I did land a job making applications for an HFT firm and while I don't think that being able to implement data structures or write my own algorithms is necessarily what will allow me to keep this job, recently I somewhat regularly use the skills I pick up doing competitive programming exercises in my workplaces. Therefore, my answer to your question about whether it will help my performance in a measurable way is: yes.

jonnycoder|2 years ago

Leetcode is not superficial when nearly all companies are using leetcode as a barrier to entry these days. Many of us with 10+ years of experience did not need to practice leetcode to get hired originally, but many would fail miserably today due to the time constraint and necessity to socialize/speak the problem while solving it in 45 min. Some practice problems took me all day at first, but after a while it became a skill of quickly identifying the type of data structure to use and solving it. It's great practice.
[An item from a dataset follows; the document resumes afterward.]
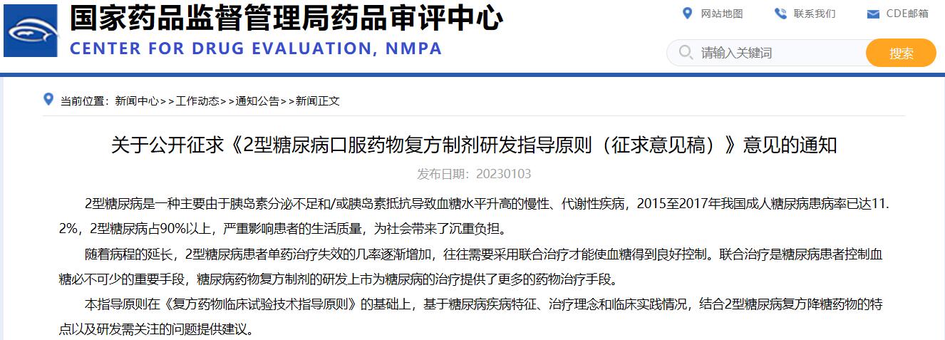關于公開征求《2型糖尿病口服藥物復方制劑研發指導原則(征求意見稿)》意見的通知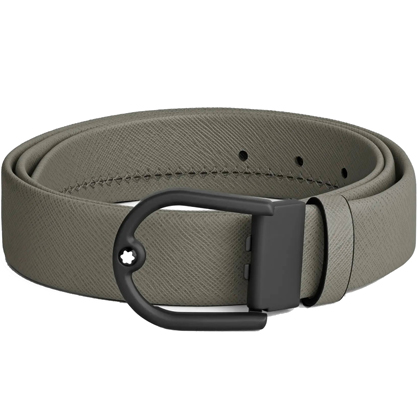 Кожаный ремень 35 мм из кожи серого цвета, пряжка в форме подковы от магазина премиальных ручек Premium Pens в Первоуральске.

As for LLMs, it's probably the best thing to learn right now, especially by building something. I personally believe it will lead to an explosion in potential jobs. It's hard to describe but imagine a software engineer learning how to create a rest api for the first time after doing soap. And then integrating various apis to harness saas products, cloud deployments, etc back in the 2000s.

Then again I also talk to an ex-googler I met on Hacker News who built an LLM app and is now spending most of his time selling his saas product because he can't find a job either. That's a very positive go-getter attitude.

hasty_pudding|2 years ago

Are you seriously saying practicing data structures and algorithms to improve your skills is 'superficial'?